What nice spinning the Australian Bankers’ Association is capable of: faced with Reserve Bank numbers showing their dubious penalty fee gouge is going through the roof, the ABA is saying banks will make a greater effort to inform customers about the fees they face.

As we’ve plagiarised from a British consumer campaigner before, telling someone you’re going to punch them in the head doesn’t make it all right to go ahead and whack them.

The annual RBA report on bank fees is a curious document. The numbers in it make for quick and easy headlines – bank fees broke the $4 billion barrier for the first time last year, the average penalty fee for late payment on a credit card rose from $29 to $31, fees paid by households over the past five years have grown by 12% per annum on average while fee income from business customers has increased at half that rate.
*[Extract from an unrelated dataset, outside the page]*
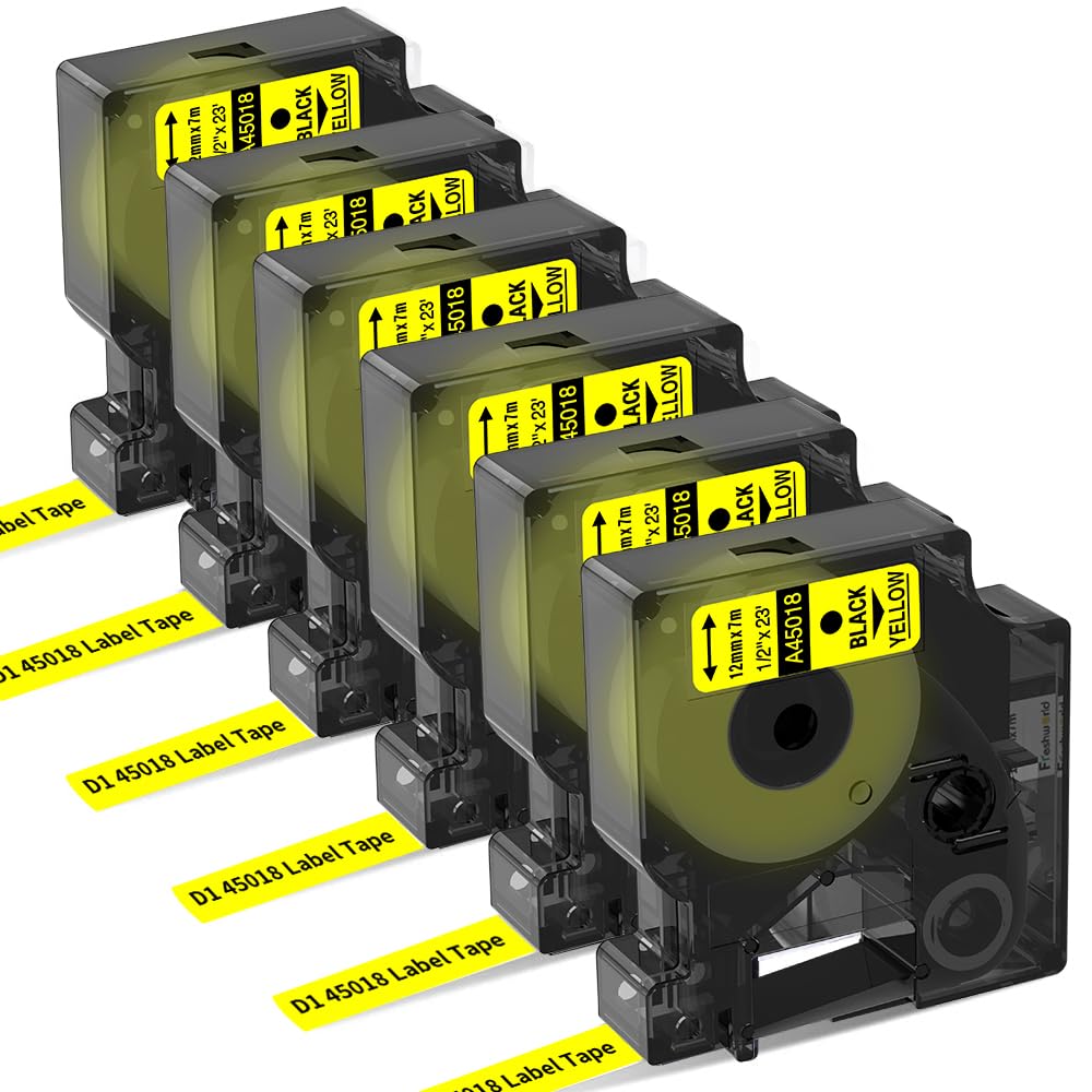 Freshworld Compatible with Dymo D1 Label Tape 45018 Replace for Dymo Label Maker Refills d1, Black on Yellow, 1/2 in x 23 Ft, for LabelManager 160|Office Supplies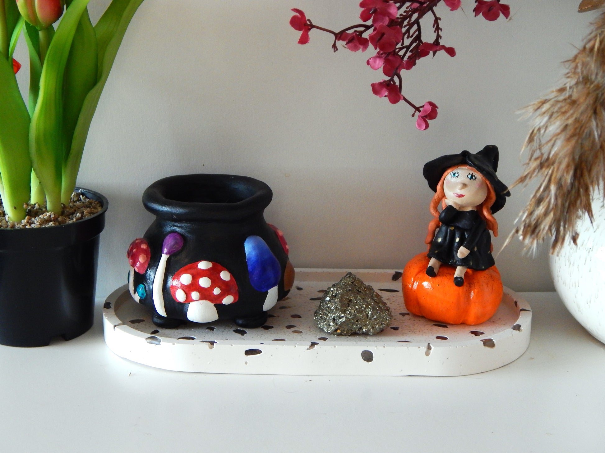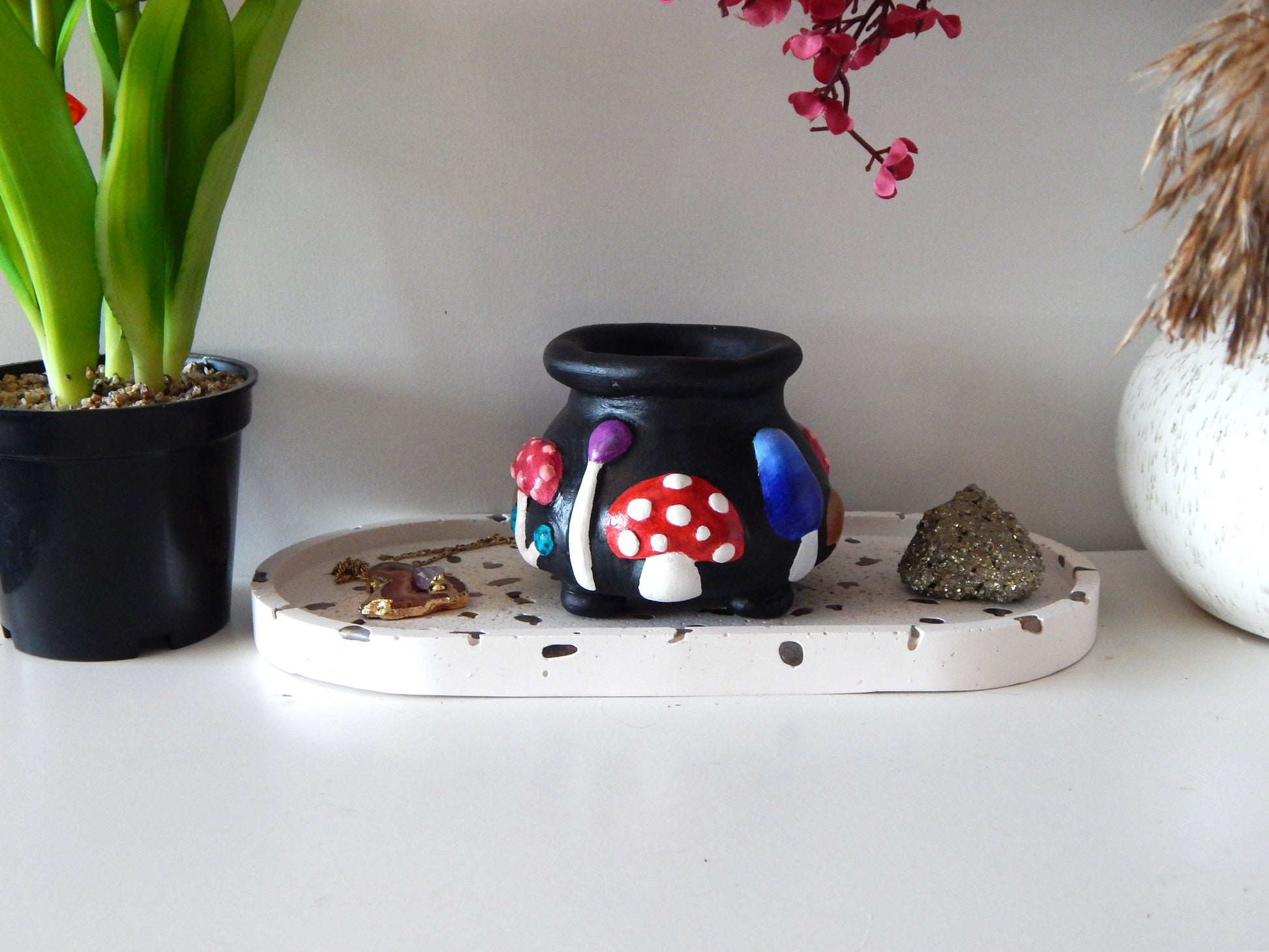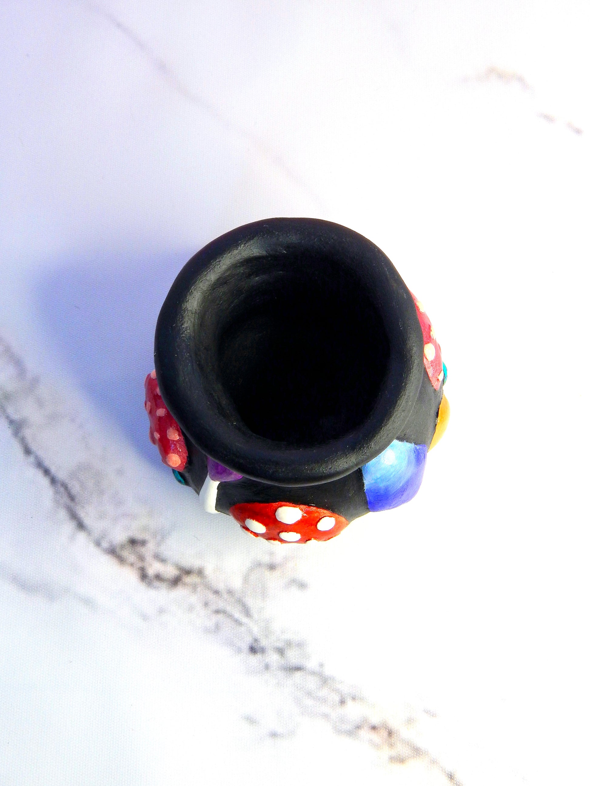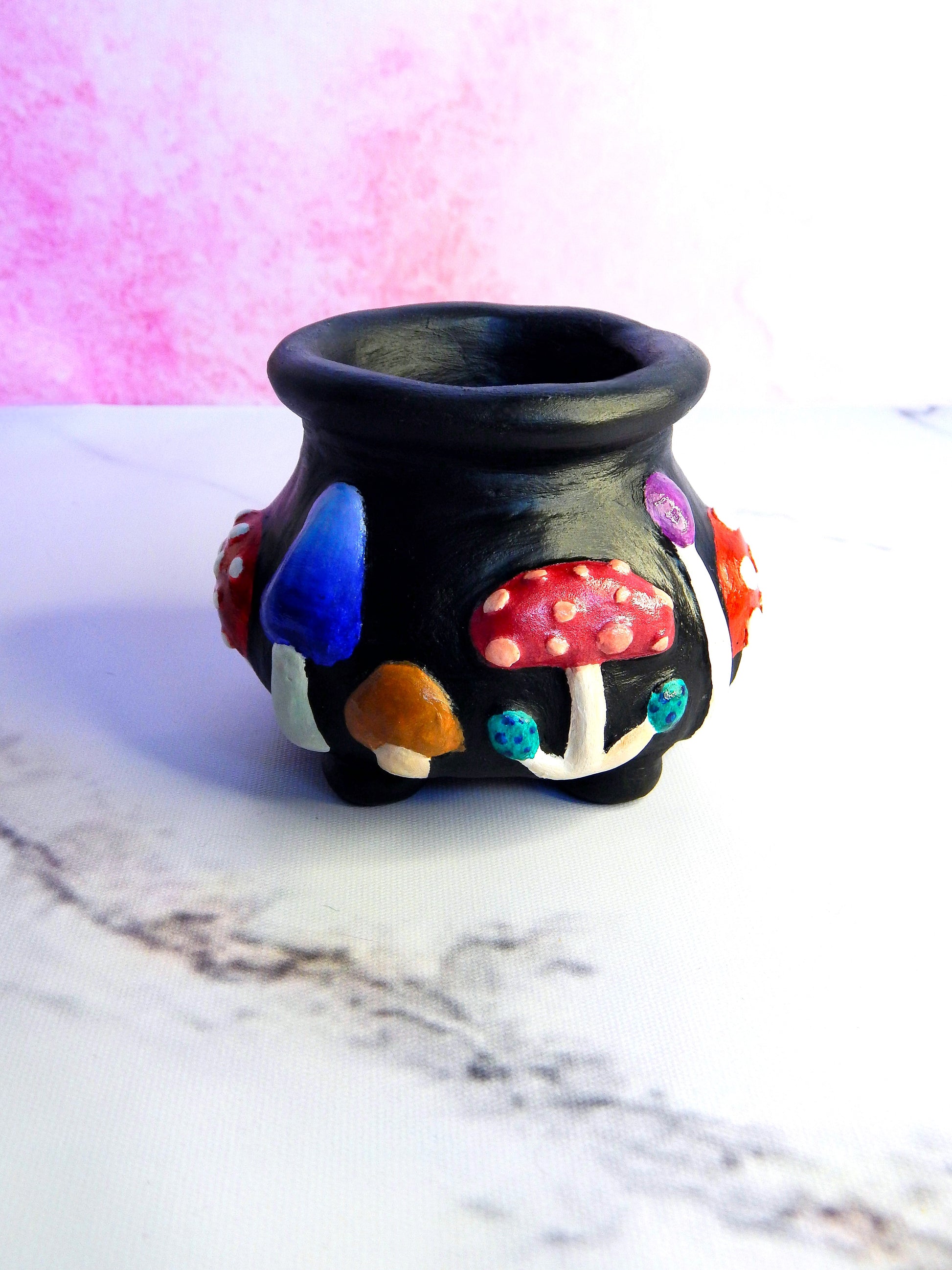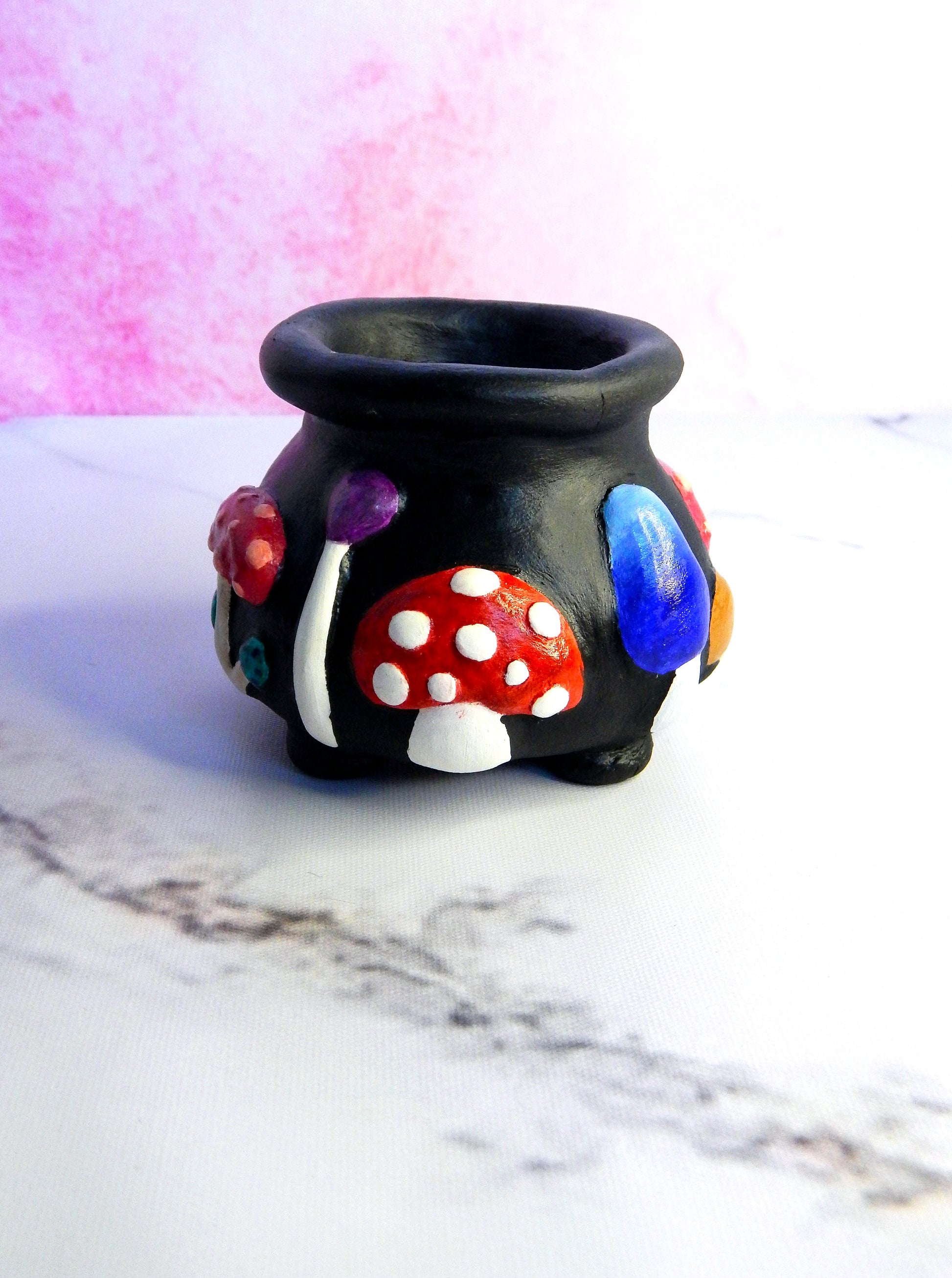 Petit chaudron champignons décoratif façonné et peint à la main. Il saura ravir vos papilles...

But the tone of RBA commentary is very relaxed. The fee binge is downplayed by our central bank noting the fee rise as a proportion of total assets (ie. bank business) is down and it credits most of the fee gains to people using more bank products.

The RBA takes credit for keeping down fee rises for businesses thanks to its intervention on interchange charges – but like the rest of our watchpuppy community, it washes its hands of penalty fees on individuals.

The bottom line remains that there is good opinion that bank penalty fees are legally unenforceable. They are certainly morally objectionable. That’s been recognised by the UK Office of Fair Trade, but it’s an issue that falls between the cracks of APRA, ASIC, the ACCC and the RBA. Frankly, Scarlett, none of them give a damn.

So what to do? Keep demanding refunds of the penalties and buy shares in the major banks – if you can’t reform them, grab a slice of their profiteering.